* What you need to do
Could you output, word for word, only the lines from the line with "最后,上海交通大学郭为忠教授" to the end of the entries, including both ends? Omit the pictures.

* Source data
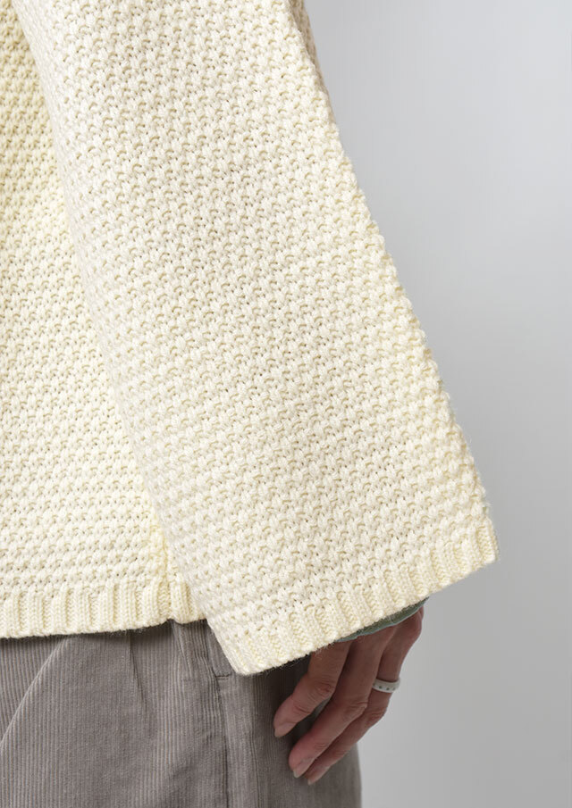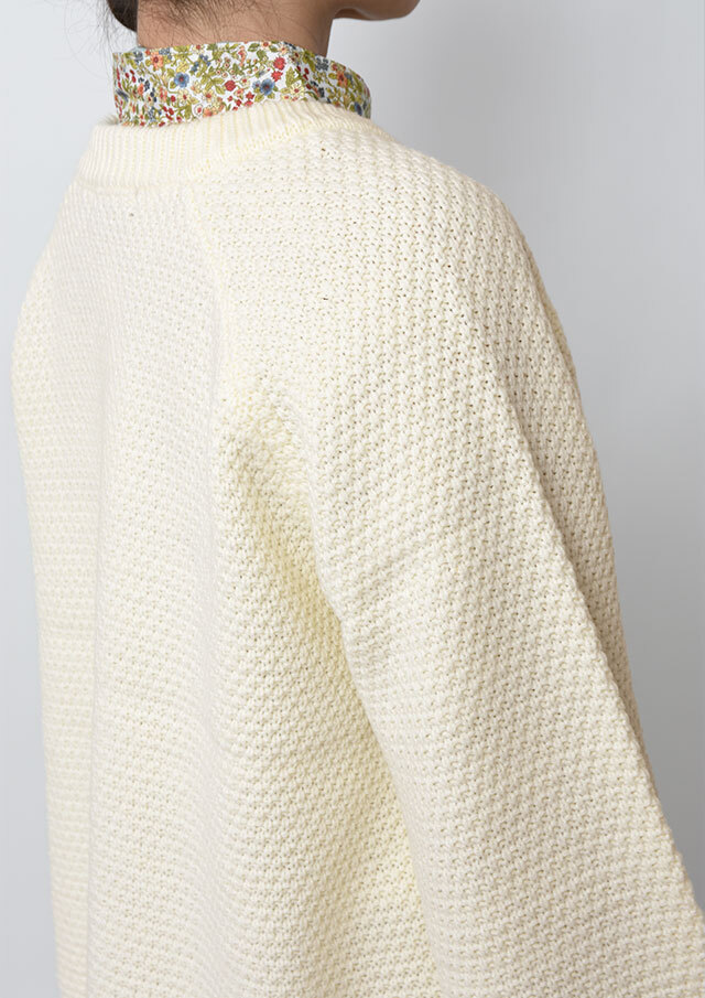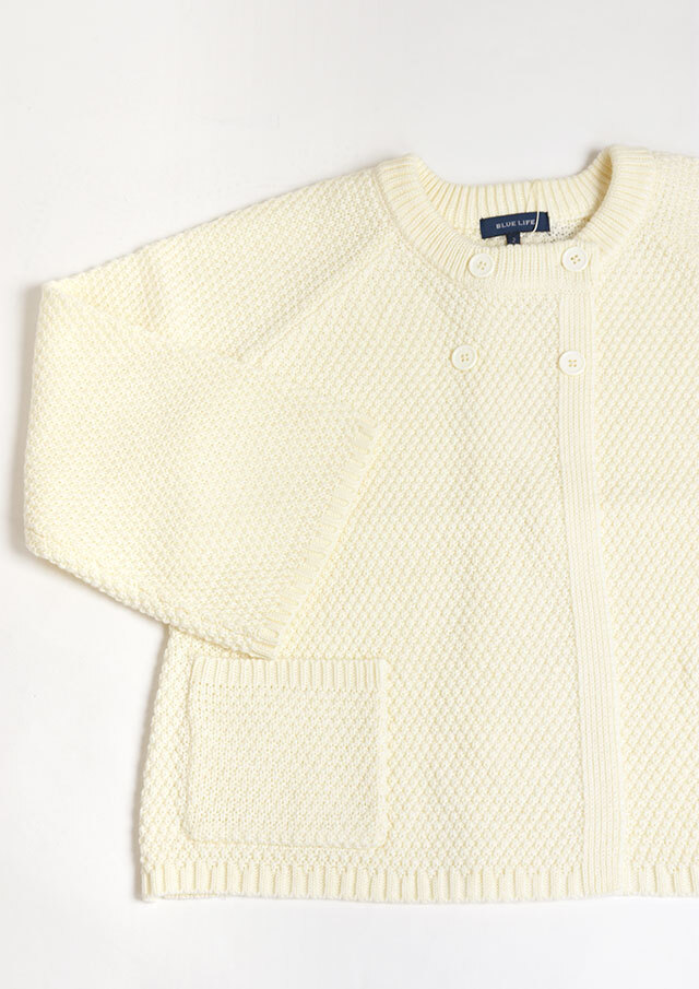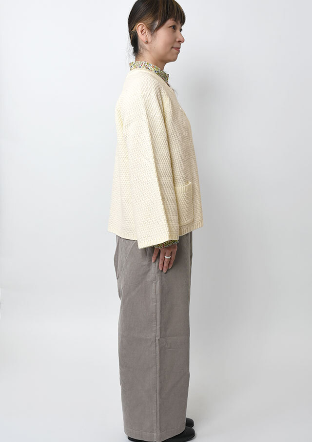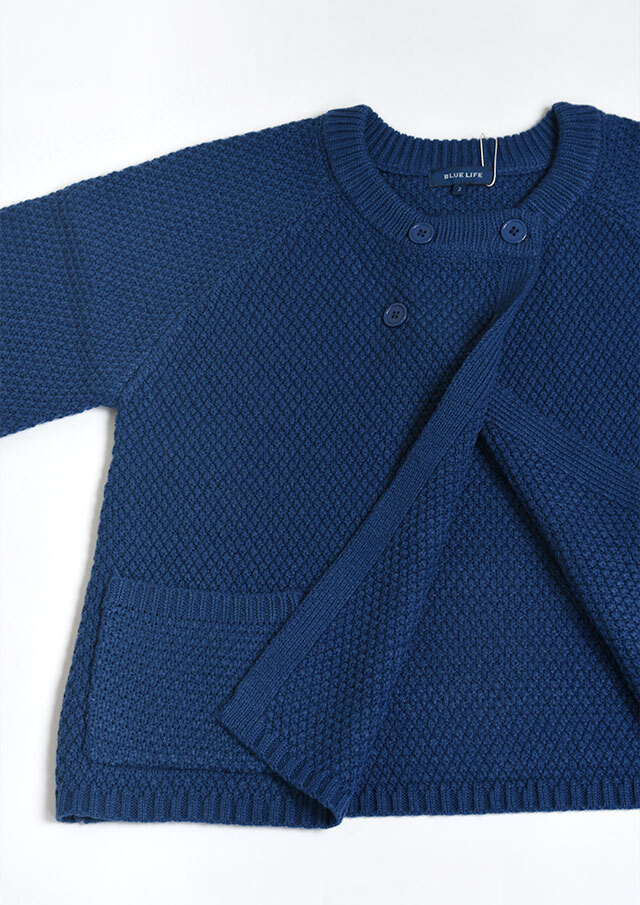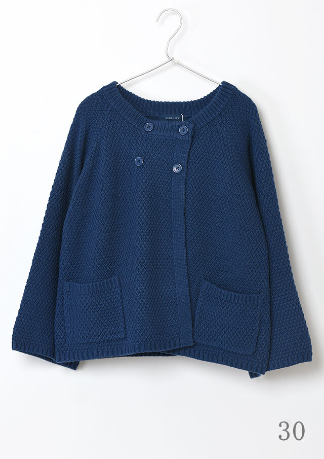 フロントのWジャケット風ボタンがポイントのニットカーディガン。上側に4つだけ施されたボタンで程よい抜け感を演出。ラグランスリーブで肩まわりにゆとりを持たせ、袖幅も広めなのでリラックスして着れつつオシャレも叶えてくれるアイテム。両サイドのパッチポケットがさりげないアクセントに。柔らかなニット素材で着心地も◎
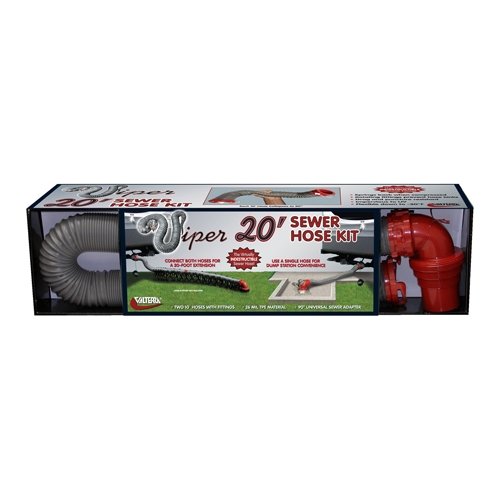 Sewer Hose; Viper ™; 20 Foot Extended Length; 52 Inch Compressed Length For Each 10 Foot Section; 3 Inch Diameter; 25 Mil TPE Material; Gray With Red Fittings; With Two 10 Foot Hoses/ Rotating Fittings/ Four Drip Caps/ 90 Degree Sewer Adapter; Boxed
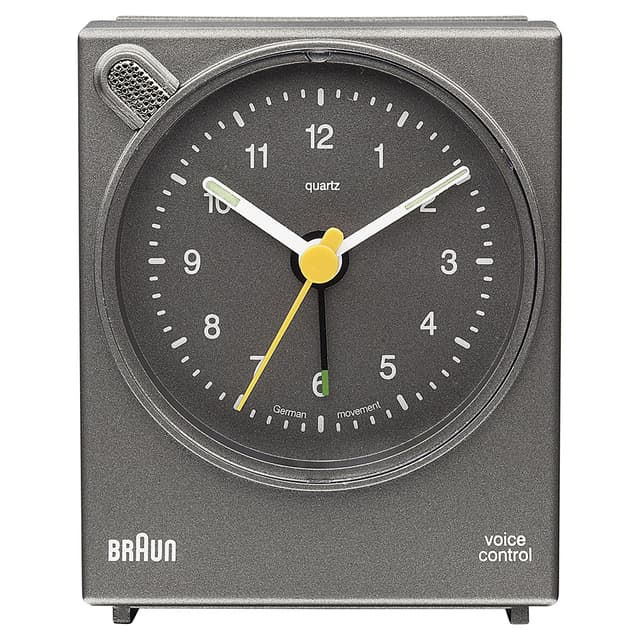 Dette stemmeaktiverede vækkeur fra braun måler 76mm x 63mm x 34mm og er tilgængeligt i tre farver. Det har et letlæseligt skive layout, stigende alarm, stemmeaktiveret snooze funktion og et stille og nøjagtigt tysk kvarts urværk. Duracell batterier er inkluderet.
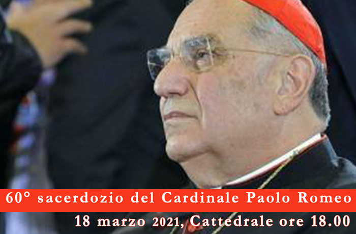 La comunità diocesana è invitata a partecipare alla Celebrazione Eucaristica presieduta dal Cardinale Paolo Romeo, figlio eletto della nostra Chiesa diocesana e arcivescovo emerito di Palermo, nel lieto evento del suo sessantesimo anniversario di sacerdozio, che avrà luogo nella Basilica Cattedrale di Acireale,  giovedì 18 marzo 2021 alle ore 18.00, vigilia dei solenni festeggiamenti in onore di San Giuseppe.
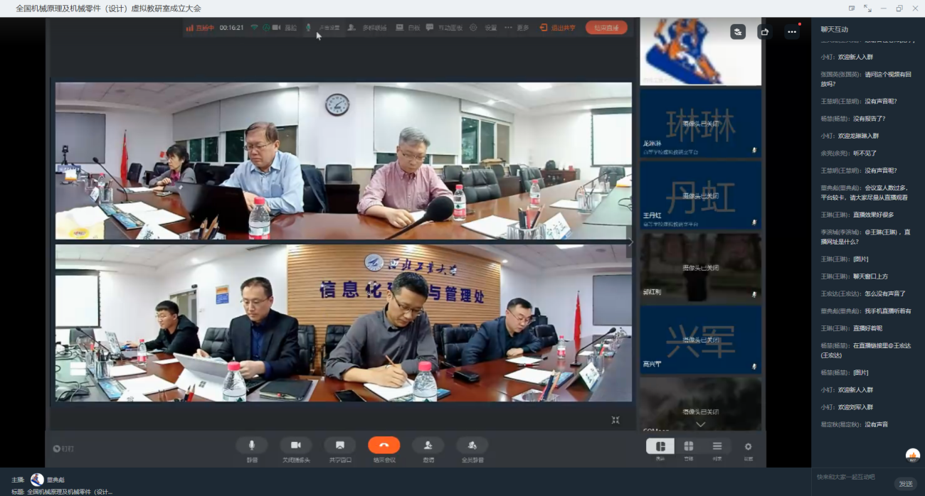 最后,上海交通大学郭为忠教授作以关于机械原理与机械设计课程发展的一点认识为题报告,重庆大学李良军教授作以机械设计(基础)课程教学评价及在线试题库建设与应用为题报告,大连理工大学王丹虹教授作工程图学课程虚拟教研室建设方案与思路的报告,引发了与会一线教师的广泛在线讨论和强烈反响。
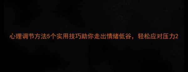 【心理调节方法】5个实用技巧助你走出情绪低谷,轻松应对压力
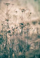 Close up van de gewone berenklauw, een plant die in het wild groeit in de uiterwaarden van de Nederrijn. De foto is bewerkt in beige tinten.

* Expected answer
 最后,上海交通大学郭为忠教授作以关于机械原理与机械设计课程发展的一点认识为题报告,重庆大学李良军教授作以机械设计(基础)课程教学评价及在线试题库建设与应用为题报告,大连理工大学王丹虹教授作工程图学课程虚拟教研室建设方案与思路的报告,引发了与会一线教师的广泛在线讨论和强烈反响。
 【心理调节方法】5个实用技巧助你走出情绪低谷,轻松应对压力
 Close up van de gewone berenklauw, een plant die in het wild groeit in de uiterwaarden van de Nederrijn. De foto is bewerkt in beige tinten.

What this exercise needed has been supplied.